START RECORDS FOR THE TASK

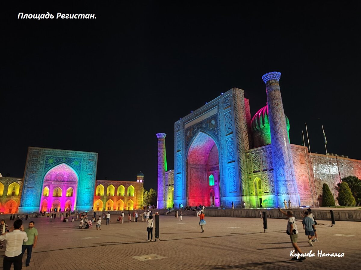 Вечером, с 21.00 до 22.00 прощать Регистан загорается яркими красками, звучит восточная музыка. Зрелище потрясающее, до мурашек. Обязательно посетите, если будите в этом прекрасном городе.
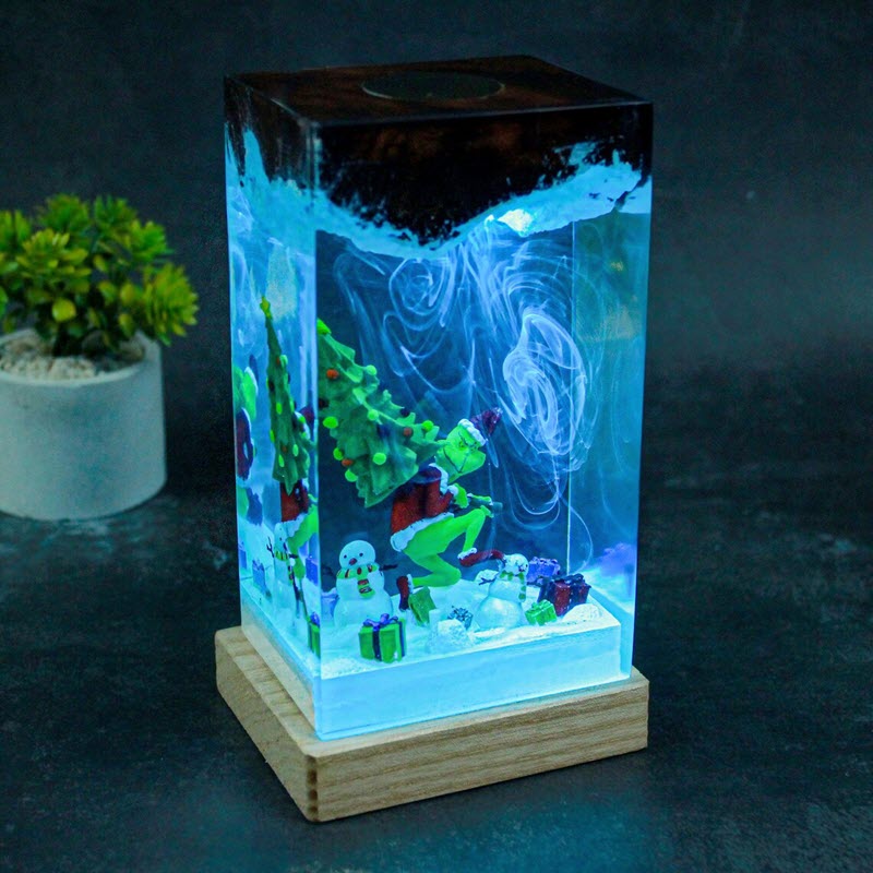 Lấy cảm hứng từ The Grinch – kẻ cắp Giáng sinh nổi tiếng, đèn epoxy EPX088 là một tác phẩm handmade tỉ mỉ nơi epoxy trong suốt, ánh sáng LED và câu chuyện Giáng sinh được kết hợp hài hòa.
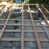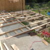 Die Unterkonstruktion für die Terrasse ist der wichtigste Teil der Arbeit. Wenn das gut ist, ist der Rest ein Kinderspiel. Ganz so spielend war diese Konstruktion nicht zu machen: Das vorhandene Betonpodest war in alle Richtungen schief und die Verlängerung der Terrasse in den Garten hinein erforderte einen soliden Unterbau, der sich nicht mehr setzen können sollte. Einige Monate davor war dort der Aushub aus einem Wasserleitungsbau, ein Stein-Erde-Gemisch, das sich extrem verfestigt hat, aufgebracht worden. Provisorisch wurden zunächst die Lärchenstaffeln alle 50 cm gelegt, hierbei diente die hintere (weil höchste) Kante des Betonpodestes als Messpunkt. Dann kam langwieriges Messen – ohne mindestens 2 Wasserwaagen ist hier nichts zu machen. Damit alle Hölzer auf dem Podest in gleicher Höhe lagen, wurden unter die Konstruktionshölzer verschiedene Lagen Kork gelegt. Die Hölzer wurden dann gebohrt, die Bohrlöcher mit einem sich öffnenden Bohrer zum Versenken der Schrauben vorbereitet – bei Lärchenholz ein muss, sonst bekommt man die Schrauben nicht hinein, weil das Holz zu hart ist und einreißt. Das Betonpodest wurde ebenfalls gebohrt und dort die Dübel gesteckt. Mit langen Schrauben wurde dann das Konstruktionsholz mit dem Sockel fest verbunden. Dort, wo die Terrasse in den Garten verlängert wurde, wurde mit Hohlziegeln gearbeitet, die später mit Beton gefüllt wurden, diese Ziegel sind breit genug, um in die Ränder Bohrlöcher zu machen, in die man Dübel versenken kann.
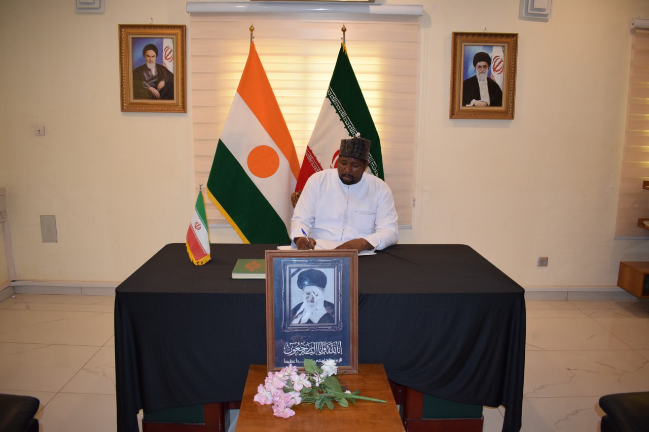 حضور وزیر تجارت و صنعت جمهوری نیجر در سفارت ایران برای عرض تسلیت شهادت رهبر شهید انقلاب
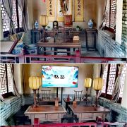3、进十笏园后右拐,映入眼帘的是园内标志性景观池塘,穿过池塘向北是主楼“砚香楼”,建于明代,清代被丁家购得后以此楼为基础扩建成现今的整个花园,此楼作为藏书用,与门外的太湖石、池塘连成一条直线,目前室内是家居布景和丁善宝蜡像。砚香楼附近的景观有:
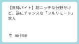 オンライン診療バイト、特に自宅での勤務となりますと、時給1万円を切ることもまぁまぁあるわけですが、そんな中、時給1万円と固定、さらにはインセンティブでその時給よりも上を目指すことができるという好条件の求人が民間医局[PR]
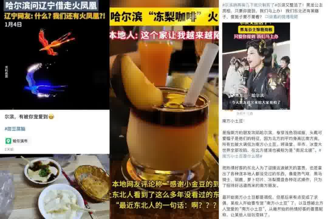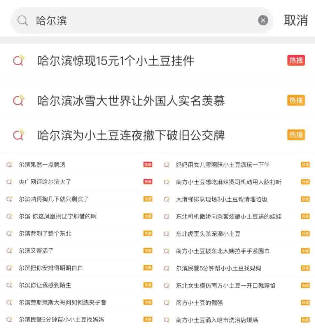 “哈尔滨惊现 15 元 1 个小土豆挂件”“南方小土豆是什么梗”“哈尔滨为小土豆连夜撤下破旧公交牌”“哈尔滨向沈阳借了两只凤凰”“尔滨果然一点就透”“尔滨你让我感到陌生”“三亚冬天败给了哈尔滨”“小砂糖橘”…… 每天都有无数个与哈尔滨相关的词条冲上微博热搜榜。
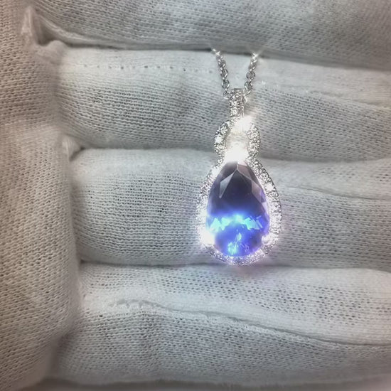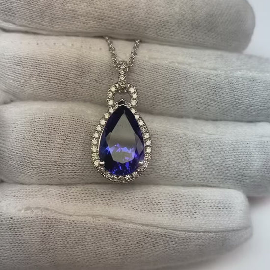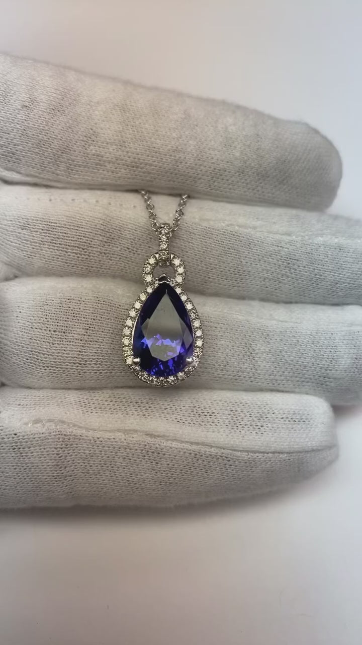 6.65 Ct. Pendant Necklace 14K Pear Tanzanite With Round Natural Earth Mined Diamonds

END RECORDS FOR THE TASK

▶ _EXERCISE PROMPT_
The stretch above running from the line with "حضور وزیر تجارت" through the line with "オンライン診療バイト、特に自" is all you should copy, exactly, leaving out the pictures.

▶ _WRITTEN RESPONSE_
 حضور وزیر تجارت و صنعت جمهوری نیجر در سفارت ایران برای عرض تسلیت شهادت رهبر شهید انقلاب
3、进十笏园后右拐,映入眼帘的是园内标志性景观池塘,穿过池塘向北是主楼“砚香楼”,建于明代,清代被丁家购得后以此楼为基础扩建成现今的整个花园,此楼作为藏书用,与门外的太湖石、池塘连成一条直线,目前室内是家居布景和丁善宝蜡像。砚香楼附近的景观有:
 オンライン診療バイト、特に自宅での勤務となりますと、時給1万円を切ることもまぁまぁあるわけですが、そんな中、時給1万円と固定、さらにはインセンティブでその時給よりも上を目指すことができるという好条件の求人が民間医局[PR]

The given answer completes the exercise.